For those new to the platform, Pinterest allows users to create collections of images or articles from around the web in 'boards' specific to a research topic or area of interest.
A pinned article about running a marathon can appear on a range of different boards relevant to each individual, explained Crystal. So a pin about running a marathon may appear on one person's general fitness tips board, someone else's board for New Year's Resolutions, and yet another's about turning 40.
Each pinned image or article links back to the original source and, for journalists and publishers, the numbers are becoming hard to ignore.
At present there are 30 billion pins on 750 million boards, a total growing by 25 per cent each quarter, he said, as the 70 million users continue to grow.
Two thirds – 20 billion – of those pins are from professional destinations, he said, making it highly likely that a publisher's content has already been added to Pinterest in some form, even if they aren't aware of it.
Crystal shared his tips for publishers for making the most of the platform and engaging the audience where, more likely than not, they are already talking about stories.
1 Get the pin button – In a similar way to the share button for Twitter or Facebook, the Pinterest button lets readers automatically pin an image or article to one of their boards.
2 Add pins and boards to your profile – Yes, users can add their own pins but publishers and journalists can guide their audience towards topics and an "authentic representation of the brand", said Crystal.
3 Promote your Pinterest presence – Publishers should already be pushing their pages and profiles on other platforms, such as SoundCloud or YouTube for example, so Pinterest should be no different.
"Many of your readers are likely on Pinterest already," Crystal said, "so let them know you're on the platform."
4 Verify your website – Linking a website to a Pinterest profile not only lets regular users know that the profile is legitimate but also opens up the in-house analytics, so publishers can see more deeply into the effect their pins are having.

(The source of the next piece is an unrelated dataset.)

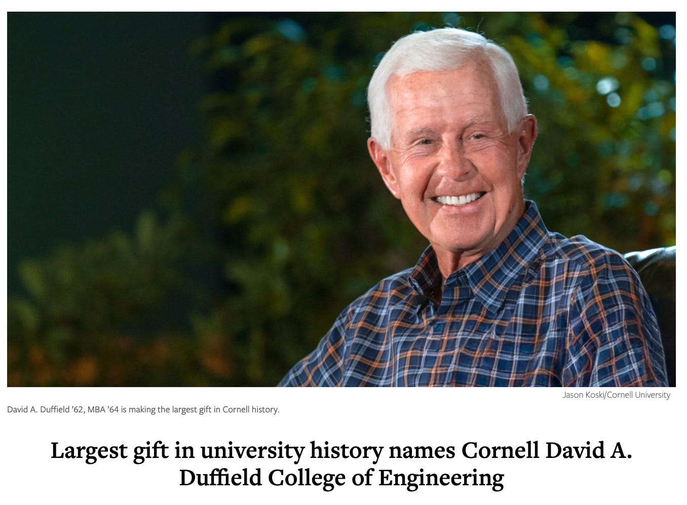 → Why does it matter? Wow! More than $520 million in contributions from Dave Duffield, including a new pledge of $371.5 million and a 2025 commitment of $100 million, combined with previous gifts, will establish the Cornell David A. Duffield College of Engineering. Go Big Red!

5 Use 'rich pins' – Rich pins "have additional metadata to drive increased engagement", Crystal said, and currently come in six forms.
Article pins include a headline, author and story description.
Place pins include a map, address and phone number – useful for city and travel guides, said Crystal.
Product pins include real-time pricing, product availability and information on where to buy.
Recipe pins include ingredients, cooking time and serving information.
Movie pins have information about cast, crew members and reviews.
App pins include an install button to take the user to their app store.
"People discover your content and save it in a context which is unique and personal to them," said Crystal, and having doubled its user base in 2014, Pinterest looks to be another space where many publishers already have an audience to engage with.